START RECORDS PROVIDED
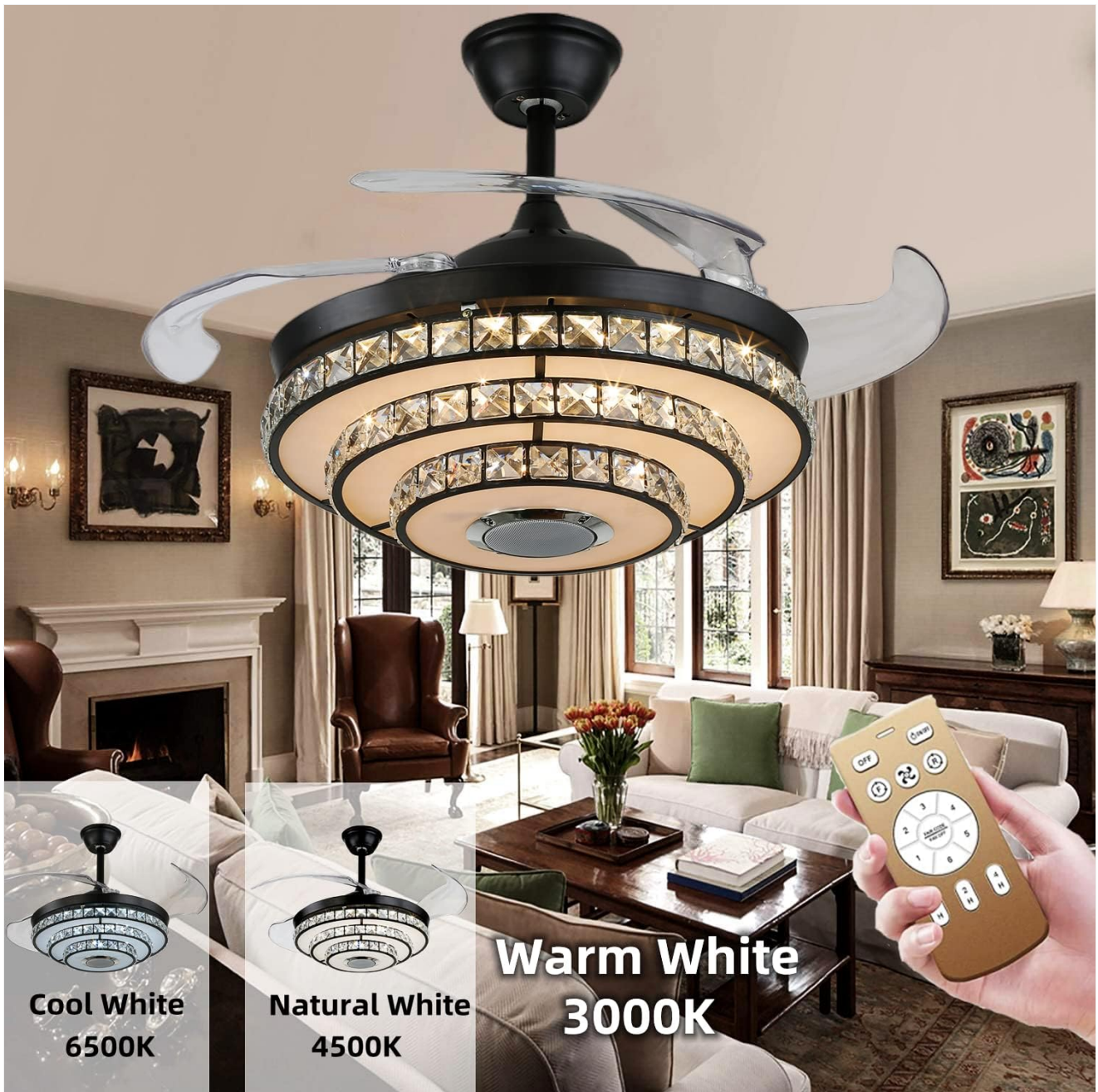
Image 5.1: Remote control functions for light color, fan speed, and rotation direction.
END RECORDS PROVIDED
START RECORDS PROVIDED
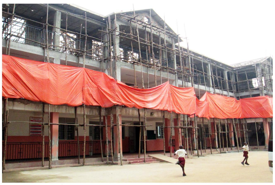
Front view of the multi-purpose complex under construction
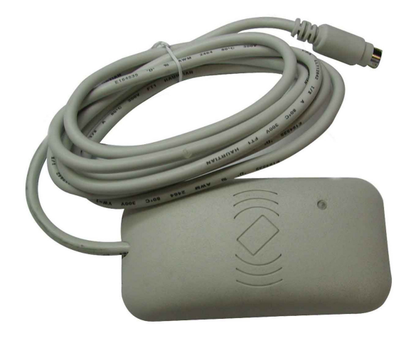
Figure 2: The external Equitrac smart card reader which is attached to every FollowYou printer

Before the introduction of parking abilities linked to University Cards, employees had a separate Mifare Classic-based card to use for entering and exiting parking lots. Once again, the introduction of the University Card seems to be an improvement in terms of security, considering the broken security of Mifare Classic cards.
END RECORDS PROVIDED
- WHAT THE TASK ASKS:
An exact copy is needed. It runs from the line above containing "Front view of" down to the line containing "Figure 2: The", both included, with no pictures.

- TASK OUTPUT:
Front view of the multi-purpose complex under construction
Figure 2: The external Equitrac smart card reader which is attached to every FollowYou printer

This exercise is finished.